Police at the scene where reputed Gambino mob boss Frank Cali was fatally shot on Hilltop Terrace in Staten Island, New York, around 9:20 p.m. on March 13, 2019.

Still, organized crime appears to be enjoying at least a slight resurgence in both Italy and America, according to Cipollini. But as legitimate business in America changes, so has the mobster's approach to ripping it off. Construction is down, unions are depleted and state and federal authorities stand ever-ready to crush organized crime under an avalanche of racketeering charges. 

This has pushed the mafia away from its traditionally rigid command structure and into an era of smaller cells operating on their own, a job at a time. Yes, the mob has joined the gig economy, said Shapiro, of John Jay. 

"The structure is looser," Shapiro said. "You don't need a 20-person crew; you can have four or five members and be very fluid and do different things ... but the opportunities are not as plentiful. So they have to be creative: Identify theft, credit card scams, counterfeit goods. Whatever scheme you can make."

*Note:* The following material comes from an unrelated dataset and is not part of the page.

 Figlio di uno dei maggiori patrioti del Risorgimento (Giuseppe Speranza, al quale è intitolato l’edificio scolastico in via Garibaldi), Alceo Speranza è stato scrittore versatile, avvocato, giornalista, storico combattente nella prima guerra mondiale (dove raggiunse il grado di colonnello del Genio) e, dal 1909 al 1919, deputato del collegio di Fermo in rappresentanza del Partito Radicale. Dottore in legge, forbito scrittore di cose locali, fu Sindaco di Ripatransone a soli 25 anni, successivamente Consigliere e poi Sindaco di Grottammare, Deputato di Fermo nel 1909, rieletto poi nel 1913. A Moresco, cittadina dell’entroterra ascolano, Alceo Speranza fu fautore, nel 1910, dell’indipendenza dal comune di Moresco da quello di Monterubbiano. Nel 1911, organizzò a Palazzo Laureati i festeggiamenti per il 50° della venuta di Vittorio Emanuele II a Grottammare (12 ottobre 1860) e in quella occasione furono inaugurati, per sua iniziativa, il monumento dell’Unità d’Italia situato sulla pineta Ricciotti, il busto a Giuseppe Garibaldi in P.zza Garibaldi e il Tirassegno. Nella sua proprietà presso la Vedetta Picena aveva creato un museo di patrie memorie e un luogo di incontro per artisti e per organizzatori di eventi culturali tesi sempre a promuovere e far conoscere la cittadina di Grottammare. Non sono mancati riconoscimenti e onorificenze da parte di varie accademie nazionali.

Cipollini echoed this, saying the mob will make money whichever way it can. And it's always going to call the New York/New Jersey area its home — no matter how much the "families" shrink. 

“They’re not going to be El Chapo and run a giant cocaine and heroin business, but they’ll certainly get their piece of the pie in their respective geographic region," Cipollini said. 

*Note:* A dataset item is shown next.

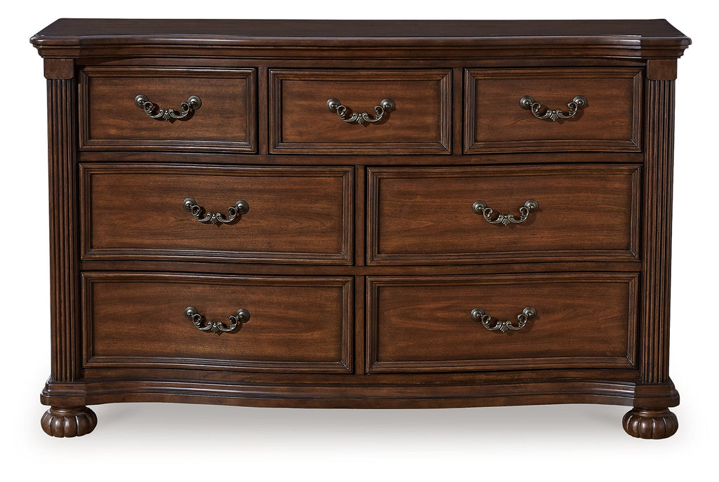 Take inspiration from the traditional luxury of this bedroom package. Classic with a rich cherry brown finish, its stately presence graces your room with an air of opulence. Stunning decorative details add an exquisite touch. Your restful retreat has never been so refined.

Cali was known as an “ambassador” between the Gambino family and mobsters in Sicily. Authorities say he may have been lured out of his red-brick colonial-style home by a gunman who backed his pickup into Cali's Cadillac, damaging it. 

A video showed the assailant pulling a 9mm handgun and firing on Cali about a minute into their conversation, said Dermot Shea, chief of detectives for the New York Police Department. Shot several times, Cali tried to crawl under his SUV to hide. The gunman sped away in a pickup truck. No arrests have been made. 

An emergency medical team rushed Cali to Staten Island University Hospital North, where he was pronounced dead. 

Some experts say Cali's death may have stemmed from a personal slight, or a concern that he was about to flip and help law enforcement. Or it may have been something simple, like an old-school turf war in which a rival wanted Cali's business and thought the only way to take it was by force. 

In the end, Cali's grisly death may be his lasting legacy. 

“In recent years, I’d say it’s more likely that a boss would be taken out by federal prosecutors than by somebody with a gun," McShane said. “The biggest headline he ever made was getting murdered by his cohorts.”

This article contains material from The Associated Press.